Hopkins has evolved into a beloved figure in boxing. Many that spurned him through the years have become ardent fans. He’s still getting used to the fact that he has fans. That people actually like him, and those things are still hard for him to hear. Even for the years he was on top, Hopkins had a tendency to contrive something in his mind that was negative, create his own chip on his shoulder to barrel through. If there wasn’t an obstacle there, B-Hop would produce one.
People see the good in Hopkins—and there is a lot of good. He doesn’t want to hear that. He once helped pay for the funeral of someone that he wants to remain anonymous about. So he refuses to talk about it. He once helped a lost sportswriter in Louisville, Kentucky, one sweltering Friday afternoon, June 10, 2016, at the Muhammad Ali funeral. He won’t acknowledge that—even to the very person who he served as their guide.

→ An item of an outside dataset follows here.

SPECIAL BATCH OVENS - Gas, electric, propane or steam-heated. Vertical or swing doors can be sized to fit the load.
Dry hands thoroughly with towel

In December, Hopkins will undoubtedly receive a call from International Boxing Hall of Fame executive director Ed Brophy telling him that he’s a Hall of Famer.
In June of next year, Hopkins’ stone face may crack a little from emotion during his induction speech.

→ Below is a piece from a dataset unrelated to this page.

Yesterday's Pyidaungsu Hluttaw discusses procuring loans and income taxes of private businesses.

He doesn’t want to hear that, either.
“I see the way people react to me today,” Hopkins said. “I get called a grumpy old man a lot of times, and that’s because I act like one. I want to make sure I do something special in downtown Philadelphia before I go to (Canastota) next June. I’ve had a lot of good things happen in my life. And I’m grateful for that and the people who helped me get there. Yeah, you can say I’ve been on the top of the mountain for a long time.
“But in my mind, I’m still the guy at the bottom of the mountain digging ditches. There’s still a fight out there. I still have a lot of things to do. When I heard about the Hall of Fame ballot, I actually thought some people would look for ways to keep me out. I guess that’s my personality and chip on my shoulders that I always carry. I believe I’ll be voted into the Hall of Fame by split-decision. I’ll get in by the skin of my chinny, chin chin.
“They better make me last when I am inducted. Ed Brophy is going to tell me to keep it to five minutes. I’m going to tell half the people there I dislike them (he laughs). Everyone better bring their pillows when I talk. They can take a nap and I’ll still be talking. They better make me last.
“It just reminds me that I came from J Block. I know my prison number backwards and frontwards, but I don’t know my social security number.
“I’m always going to be Y4145.”
Bernard Hopkins wouldn’t be Bernard Hopkins if he thought otherwise.